Audit delegated write paths. Identify users, applications, deployment jobs, and control panels that can write .htaccess. Treat that access as sensitive. Remove stale accounts. Restrict web-root write permissions. Separate tenant content with OS users, containers, or stronger isolation where possible.

Search for unexpected .htaccess files. Review recent changes in hosted directories. Pay special attention to shared hosting roots, user home directories, CMS upload paths, and writable application directories. Investigate files created or modified after May 5, 2026, the report date listed in the public timeline.

Review secrets readable by the web server account. Move sensitive files outside the document root. Tighten filesystem permissions. Rotate exposed credentials if logs, file integrity monitoring, or user reports indicate suspicious .htaccess activity.

Timeline

May 5, 2026: The issue was reported to the Apache security team.

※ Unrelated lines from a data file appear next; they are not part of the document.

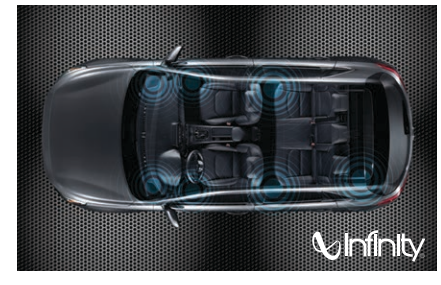
Hear That? Elantra GT's available Infinity® Premium Audio uses Clari-Fi™ Music Restoration Technology to help restore sound quality lost with digitally compressed music. Even the most discerning audiophile will be impressed by the deep bass, clear mid-range and crisp highs. It's like you're listening to a live performance.
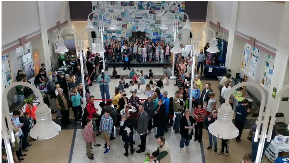
Ready for the Earth Day 2017 Opening Celebration to officially begin.

The special activities of the day got started early, sometime around 8:00 a.m. It seemed that every program housed and being administered by State Departments in Constitution Hall may have had a display of some kind as part of the whole Earth Day Celebration. MDEQ floodplain staff provided day-long demonstrations to the youth and old alike through the day. The floodplain watershed model can imitate several flood type scenarios depending on the type of landscape precipitation module used in the watershed head waters and the extent of inserted development types placed in the downstream floodplain. It is a very visually oriented learning tool that persons of all ages can readily see obvious results from wise and unwise landscape manipulations within a watershed.
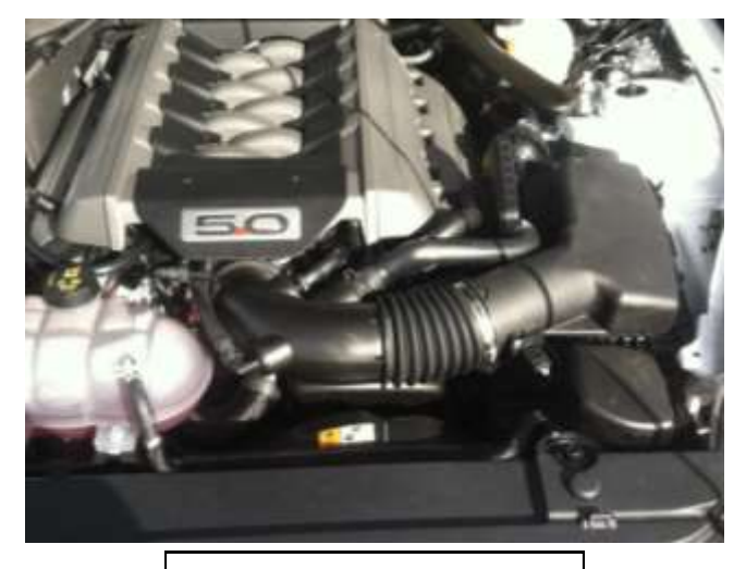
o. Factory air induction system.

June 5, 2026: Apache fixed the issue in the 2.4.x branch with revision r1935017.

June 8, 2026: Apache released HTTP Server 2.4.68 and published advisory details through the Apache vulnerability tracker and the oss-security mailing list.

June 9, 2026: CISA-ADP added CVSS v3.1 scoring.

June 11, 2026: NVD added initial analysis and CPE coverage for Apache HTTP Server 2.4.0 up to, but not including, 2.4.68.

Required Action

Patch now. Prioritize systems where untrusted or semi-trusted users can write .htaccess files. Prioritize shared hosting, managed web platforms, university and lab servers, internal developer platforms, and internet-facing servers with delegated content control.

Confirm Apache is actually running 2.4.68 or a vendor backport that includes the CVE-2026-44119 fix. Then reduce .htaccess permissions. The patch closes the known flaw. Configuration hardening reduces the next one.